Example where MUST use this formula. Exact: any satellite or spacecraft problem (e.g. orbit change, escape energy). Approx: any everyday near-surface problem (e.g. lifting a box 2 m).

Q4.1 — Mars orbital energy (4 marks)

GM_Marsm = (6.67 × 10⁻¹¹)(6.39 × 10²³)(500) = 2.131 × 10¹⁶ J m.

Surface: r_surface = 3.39 × 10⁶ m.

Option A: r_LMO = 3.39 × 10⁶ + 4.00 × 10⁵ = 3.79 × 10⁶ m.

ΔU = GMm(1/r_surface − 1/r_LMO) = 2.131 × 10¹⁶ × (2.950 × 10⁻⁷ − 2.639 × 10⁻⁷) = 2.131 × 10¹⁶ × 3.11 × 10⁻⁸ = 6.63 × 10⁸ J [1 + 1 marks].

Option B: r_B = 1.00 × 10⁷ m.

ΔU = 2.131 × 10¹⁶ × (2.950 × 10⁻⁷ − 1.000 × 10⁻⁷) = 2.131 × 10¹⁶ × 1.950 × 10⁻⁷ = 4.16 × 10⁹ J [1 + 1 marks].

Q4.2 — Validity of mgh for Mars (2 marks)

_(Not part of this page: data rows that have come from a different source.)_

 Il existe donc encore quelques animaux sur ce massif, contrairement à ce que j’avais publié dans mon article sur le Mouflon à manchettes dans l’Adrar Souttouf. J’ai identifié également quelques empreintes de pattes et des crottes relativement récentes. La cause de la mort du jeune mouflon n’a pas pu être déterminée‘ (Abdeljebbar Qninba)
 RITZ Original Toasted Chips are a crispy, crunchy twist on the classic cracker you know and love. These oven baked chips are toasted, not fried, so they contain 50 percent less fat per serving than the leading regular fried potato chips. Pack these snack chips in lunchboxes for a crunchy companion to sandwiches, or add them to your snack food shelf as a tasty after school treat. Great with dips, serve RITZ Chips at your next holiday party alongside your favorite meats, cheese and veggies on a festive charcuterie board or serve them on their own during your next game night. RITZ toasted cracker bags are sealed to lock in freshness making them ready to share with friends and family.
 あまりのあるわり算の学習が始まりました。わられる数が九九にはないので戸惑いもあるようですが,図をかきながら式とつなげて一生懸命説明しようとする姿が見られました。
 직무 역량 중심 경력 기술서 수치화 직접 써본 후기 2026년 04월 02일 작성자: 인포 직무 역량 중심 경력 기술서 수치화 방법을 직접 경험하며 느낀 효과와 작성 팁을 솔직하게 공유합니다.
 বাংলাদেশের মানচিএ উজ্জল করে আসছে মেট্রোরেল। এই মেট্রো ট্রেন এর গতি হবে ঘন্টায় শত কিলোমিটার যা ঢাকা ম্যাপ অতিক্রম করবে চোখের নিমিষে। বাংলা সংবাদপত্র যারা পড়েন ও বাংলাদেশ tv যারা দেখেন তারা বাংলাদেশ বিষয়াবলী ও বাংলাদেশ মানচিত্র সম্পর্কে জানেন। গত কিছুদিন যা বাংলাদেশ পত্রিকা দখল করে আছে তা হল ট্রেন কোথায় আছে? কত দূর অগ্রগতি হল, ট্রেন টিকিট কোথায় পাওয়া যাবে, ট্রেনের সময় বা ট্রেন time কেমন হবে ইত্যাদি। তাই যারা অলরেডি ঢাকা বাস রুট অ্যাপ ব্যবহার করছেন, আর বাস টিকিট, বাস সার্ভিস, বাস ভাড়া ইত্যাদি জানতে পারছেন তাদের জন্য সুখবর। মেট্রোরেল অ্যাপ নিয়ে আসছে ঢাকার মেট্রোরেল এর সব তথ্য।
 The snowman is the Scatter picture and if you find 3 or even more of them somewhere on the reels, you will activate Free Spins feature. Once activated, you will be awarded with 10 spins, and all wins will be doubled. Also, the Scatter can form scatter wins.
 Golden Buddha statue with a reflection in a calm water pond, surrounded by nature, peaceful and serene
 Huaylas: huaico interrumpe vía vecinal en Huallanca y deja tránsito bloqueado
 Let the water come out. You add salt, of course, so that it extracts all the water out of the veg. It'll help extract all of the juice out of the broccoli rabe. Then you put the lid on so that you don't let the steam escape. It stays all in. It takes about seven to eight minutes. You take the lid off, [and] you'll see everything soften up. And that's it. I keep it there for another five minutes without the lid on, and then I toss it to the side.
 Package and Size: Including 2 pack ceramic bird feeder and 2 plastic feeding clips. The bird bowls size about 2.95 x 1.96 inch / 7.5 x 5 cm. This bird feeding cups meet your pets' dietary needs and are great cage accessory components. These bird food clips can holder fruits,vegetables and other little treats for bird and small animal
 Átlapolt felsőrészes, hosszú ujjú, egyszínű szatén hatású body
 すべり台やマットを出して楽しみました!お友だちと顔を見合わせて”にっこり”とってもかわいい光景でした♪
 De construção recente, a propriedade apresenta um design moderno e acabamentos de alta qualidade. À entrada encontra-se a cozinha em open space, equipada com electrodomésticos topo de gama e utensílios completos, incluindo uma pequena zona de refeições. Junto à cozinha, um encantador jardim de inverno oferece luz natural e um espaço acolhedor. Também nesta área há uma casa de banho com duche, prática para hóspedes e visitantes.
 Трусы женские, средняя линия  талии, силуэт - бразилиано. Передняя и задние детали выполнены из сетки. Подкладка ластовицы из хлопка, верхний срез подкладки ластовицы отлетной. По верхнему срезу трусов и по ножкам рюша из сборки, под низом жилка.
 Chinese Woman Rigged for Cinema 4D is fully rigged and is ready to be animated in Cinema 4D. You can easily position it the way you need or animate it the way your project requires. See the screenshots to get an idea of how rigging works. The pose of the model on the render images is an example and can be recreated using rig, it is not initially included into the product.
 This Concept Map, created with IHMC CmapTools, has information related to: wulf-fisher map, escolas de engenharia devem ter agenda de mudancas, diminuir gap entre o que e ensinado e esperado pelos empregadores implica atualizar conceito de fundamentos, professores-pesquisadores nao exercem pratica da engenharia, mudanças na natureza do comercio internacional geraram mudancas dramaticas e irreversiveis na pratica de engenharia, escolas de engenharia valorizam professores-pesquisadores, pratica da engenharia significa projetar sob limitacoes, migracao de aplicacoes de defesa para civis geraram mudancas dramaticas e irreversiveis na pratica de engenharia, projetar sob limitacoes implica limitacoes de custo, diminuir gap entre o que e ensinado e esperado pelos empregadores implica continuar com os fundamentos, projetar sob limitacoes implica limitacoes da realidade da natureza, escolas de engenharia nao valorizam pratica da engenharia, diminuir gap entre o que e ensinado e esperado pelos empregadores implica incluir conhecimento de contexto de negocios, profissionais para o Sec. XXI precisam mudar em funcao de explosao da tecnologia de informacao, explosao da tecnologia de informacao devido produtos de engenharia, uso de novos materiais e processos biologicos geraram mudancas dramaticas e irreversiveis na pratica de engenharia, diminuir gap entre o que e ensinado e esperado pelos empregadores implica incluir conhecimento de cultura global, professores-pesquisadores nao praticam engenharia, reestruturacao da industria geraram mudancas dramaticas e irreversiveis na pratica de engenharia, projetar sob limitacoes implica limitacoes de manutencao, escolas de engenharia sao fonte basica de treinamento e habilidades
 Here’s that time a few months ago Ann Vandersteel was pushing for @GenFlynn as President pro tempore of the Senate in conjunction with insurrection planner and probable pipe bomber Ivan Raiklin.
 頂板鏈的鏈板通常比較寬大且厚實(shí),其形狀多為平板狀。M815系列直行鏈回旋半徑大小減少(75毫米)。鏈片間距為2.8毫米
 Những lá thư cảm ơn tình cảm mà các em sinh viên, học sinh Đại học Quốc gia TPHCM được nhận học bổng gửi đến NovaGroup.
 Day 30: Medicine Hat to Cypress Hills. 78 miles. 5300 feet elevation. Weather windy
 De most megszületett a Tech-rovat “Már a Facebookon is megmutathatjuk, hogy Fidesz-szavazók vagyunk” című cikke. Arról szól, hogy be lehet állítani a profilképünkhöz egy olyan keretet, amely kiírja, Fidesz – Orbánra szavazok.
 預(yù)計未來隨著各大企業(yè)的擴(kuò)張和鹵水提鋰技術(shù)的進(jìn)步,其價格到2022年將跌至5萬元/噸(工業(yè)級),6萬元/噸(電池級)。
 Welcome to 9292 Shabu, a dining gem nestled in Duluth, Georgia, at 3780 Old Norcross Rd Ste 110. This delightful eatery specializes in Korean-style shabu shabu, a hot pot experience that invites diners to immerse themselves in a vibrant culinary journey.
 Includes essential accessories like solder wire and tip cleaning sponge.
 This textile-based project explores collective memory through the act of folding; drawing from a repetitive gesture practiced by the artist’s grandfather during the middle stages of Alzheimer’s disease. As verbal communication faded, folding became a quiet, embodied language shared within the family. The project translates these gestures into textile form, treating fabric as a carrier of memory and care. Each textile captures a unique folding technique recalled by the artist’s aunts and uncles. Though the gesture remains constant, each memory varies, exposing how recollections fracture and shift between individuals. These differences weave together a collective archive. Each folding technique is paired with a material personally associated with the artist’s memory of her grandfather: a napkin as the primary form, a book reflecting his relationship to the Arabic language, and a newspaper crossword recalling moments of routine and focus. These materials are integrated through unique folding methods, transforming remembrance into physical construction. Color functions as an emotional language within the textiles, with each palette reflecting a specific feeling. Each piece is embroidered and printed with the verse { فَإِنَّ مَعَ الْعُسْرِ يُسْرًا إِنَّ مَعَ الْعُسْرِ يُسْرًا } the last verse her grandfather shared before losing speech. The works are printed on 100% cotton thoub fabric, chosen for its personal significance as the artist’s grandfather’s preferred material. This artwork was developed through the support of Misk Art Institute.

For Option A: h = 400 km; R_Mars = 3390 km; h/R ≈ 0.12 — about 12%, which is borderline (error ~12%) so mgh is not reliable [1]. For Option B: h ≈ 6600 km; h/R ≈ 1.9 — far larger than R, so mgh is completely invalid and the exact formula is essential [1].